The current media rights holder, Disney Star, has been given the OK by the International Cricket Council (ICC). This is a significant improvement over the previous bid and will last for four years, from 2024 to 2027. For starters, Disney Star (previously known as Star India before a global purchase by Disney) was acquired for $2 billion in late 2014, covering that period of eight years (then Rs 12,000 crore).
Although the most recent bid’s official figures have not yet been released, it is generally anticipated that they would surpass the $1.44 billion (about Rs 11,500 crore) standard set by the ICC. If the previous eight-year proposal was valued at $1 billion, the present agreement (for half the time) is at least 44% more in terms of dollars or 92% higher in terms of rupees.
Apart from women’s cricket, the three major tournaments covered by the ICC rights are the World Cup, T20 World Cup, and Champions Trophy. The strategy this time has been to split the rights; there are a total of six packages across broadcast and digital, taking a page from the IPL bid.
Given the amount of money invested in the IPL media rights, according to industry watchers, this is not surprising for the company to get ICC rights.
The media rights for the IPL across forms were purchased earlier this year for a staggering Rs 48,390 crore, or over three times the previous bid. There, Disney Star won the rights to broadcast television, while Viacom18 secured the rights for digital. In that backdrop, Disney Star’s aggressiveness in pursuing the ICC rights has been expected. “The loss of IPL digital rights is a huge setback to Hotstar and they needed to win the ICC bid to retain some part of the subscriber base,” says one media planner. Along with Disney Star, Viacom18, Zee, and Sony also participated in the current ICC auction.

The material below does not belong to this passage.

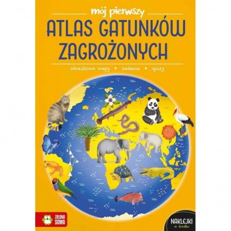 „Mój pierwszy atlas gatunków zagrożonych” to zeszyt edukacyjny dla dzieci w wieku wczesnoszkolnym. Każda rozkładówka porusza inny temat i jest wzbogacona ciekawostkami oraz zadaniami do wykonania, powiązanymi z zaprezentowaną wiedzą. Zeszyt dotyczy gatunków zagrożonych zarówno roślin, jak i zwierząt. Atlas porusza zagadnienia: rodzaje obszarów chronionych, wymarłe gatunki zwierząt i roślin, ssaki, ptaki, gady, płazy, ryby zagrożone wyginięciem, chronione owady, rośliny pod ochroną.

Disney Star’s winning bid, though, is not without its share of difficulties. The distinction between the IPL and ICC, according to independent marketing and media expert Madan Mohapatra, is that the latter is characterised by “being high-risk, high-return.” According to him, “one’s fortune gets linked to that of team India’s in the case of ICC.” He used the example of 2007 to illustrate his point, saying, “it was an interesting year, where India won the T20 World Cup but could not go beyond the group stage in the ODI World Cup.” The predicted decline in viewer engagement “severely affected the return on investment for both advertisers and broadcasters,” according to the report.